Everyone has heard the phrase the devil is in the details. When legal issues are involved, that concept is captured in the caution that when signing a contract you should always read the fine print. That’s where details like exceptions and exclusions intended to shield a party from possible liability tend to exist.
In some instances, state laws can be so filled with confusing words that it amounts to unintentional fine print. That can make it difficult to know what rights the law is intended to really protect.
Under North Carolina law, if a property owner neglects to properly control or maintain conditions and it results in injury, the victim may have the right to be compensated for their suffering and loss. The detail that needs to be addressed is clearly showing that negligence occurred.Â
So what does negligence mean?
The common definition as found in Webster’s is that “negligence is carelessness or not paying attention, causing someone or something to be at risk of being harmed.” In law, the dictionary notes, it means “failure to use a reasonable amount of care when such failure results in injury or damage to another.”

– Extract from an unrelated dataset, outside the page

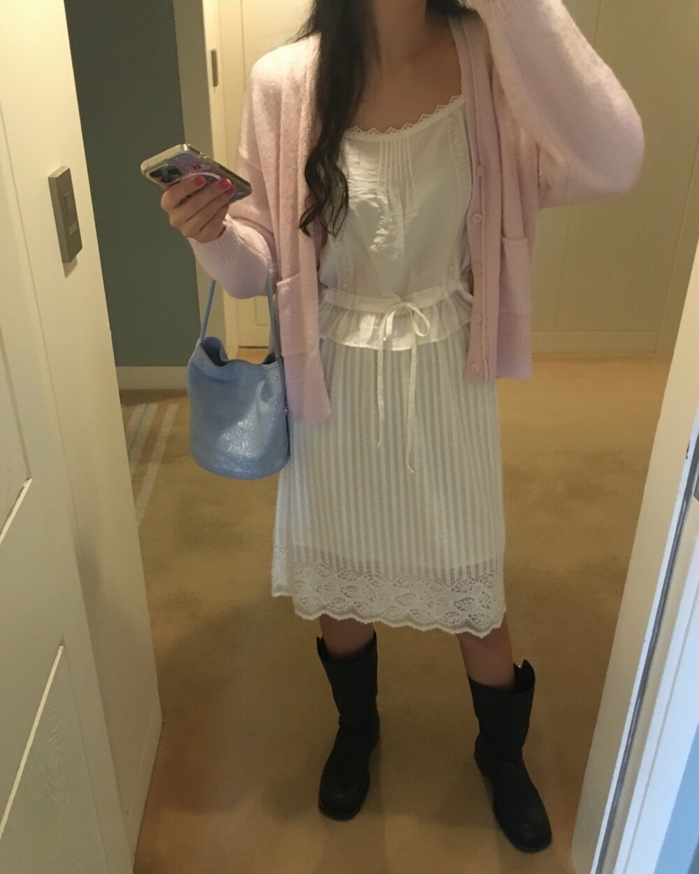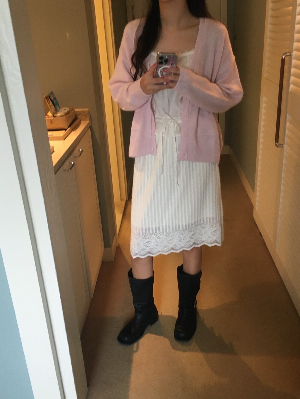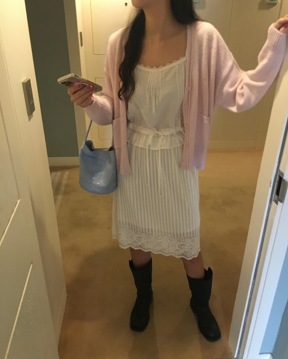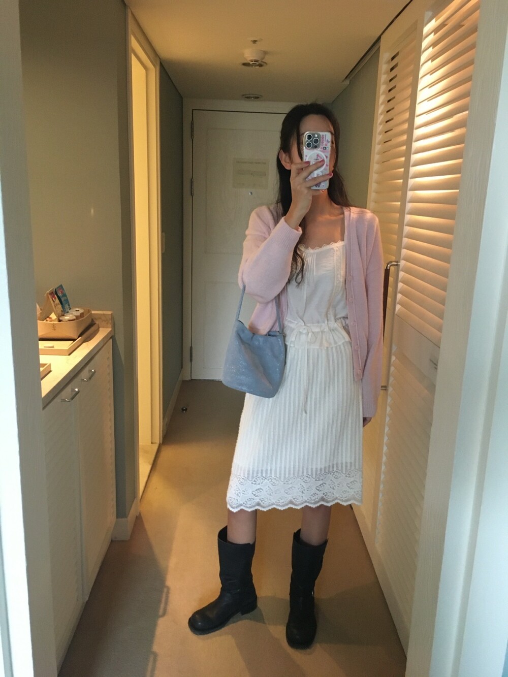 가디건이나 셔츠 안에 이너로 매치해 레이스 포인트만 살짝 보여주어도 정말 예뻐요.

What that means in real terms varies. For instance, if a dog owner fails to properly control or confine the animal and it winds up attacking someone else, that would be construed as negligence.
In terms of property ownership, negligence might be provable if necessary repairs have been ignored or general conditions are unsafe or unsanitary. If repairs are made but fail to meet code and injury results, that could be used to seek due compensation.
The onus on commercial property owners also may extend to the notion of security. A failure to ensure that customers invited onto the property are safe during their visits could be reason to file suit.
Not every situation may meet the necessary standard for filing a premises liability claim. To avoid any doubt, an attorney should be consulted.